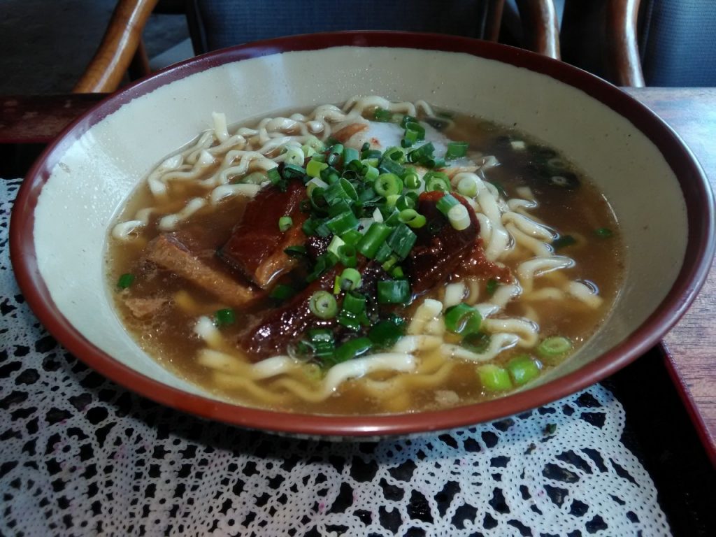 すぐに沖縄そばが運ばれてきました。トッピングは三枚肉とかまぼことねぎです。
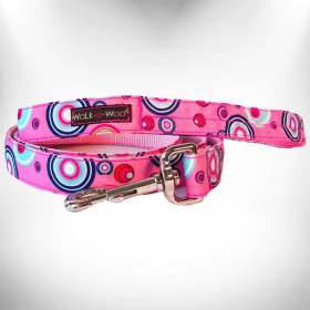 Polka Dot Dog Leads (Color: Mint Green Dot on Red, size: THIN Lead 5/8" width- 5' length)
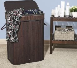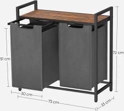 Merkloos Wasmand Met 2 Vakken, Grote Wassorteerder Met Uitschuifbare Waszakken, Bruin En Zwart
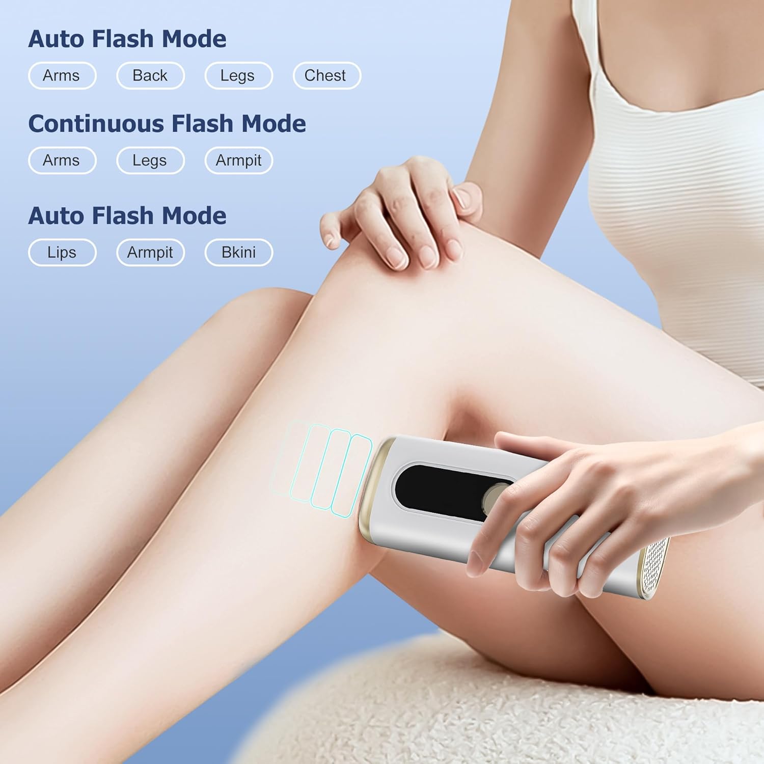 [Auto, Continuous, Manual Mode] GeeSoul permanent facial hair removal for women designed with 3 working modes, auto, continuous and manual working mode. Different skin areas and different hair growth rates, which provide you with a more precise treatment. Great for Arms, Back, Legs, Chest based on Auto Flash Mode; Great for Arms, Legs, Armpit based on Continuous Flash Mode; Great for Lips, Armpit, Bkini based on Manual Flash Mode.
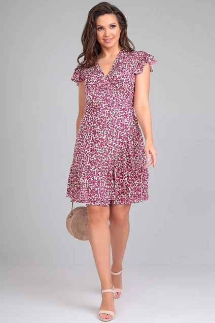 Платье легкое, на запахе, длиной до колена, без подкладки. По переду и спинке отрезной подрез переходящий в мягкий пояс фиксирующий запах платья. По низу переда и спинки волан со сборкой. Правая нижняя сторона переда с закруглением и волан оформляет закругление низа до пояса. Пройма платья оформлена рукавом "крылышко" в виде двух красиво струящихся воланов разной ширины.

» **DESCRIPTION OF THE TASK**
Word for word, give again the lines from the first entry to the line with "Merkloos Wasmand Met", inclusive. Exclude the pictures.

» **ANSWER FOR THIS EXERCISE**
 すぐに沖縄そばが運ばれてきました。トッピングは三枚肉とかまぼことねぎです。
 Polka Dot Dog Leads (Color: Mint Green Dot on Red, size: THIN Lead 5/8" width- 5' length)
 Merkloos Wasmand Met 2 Vakken, Grote Wassorteerder Met Uitschuifbare Waszakken, Bruin En Zwart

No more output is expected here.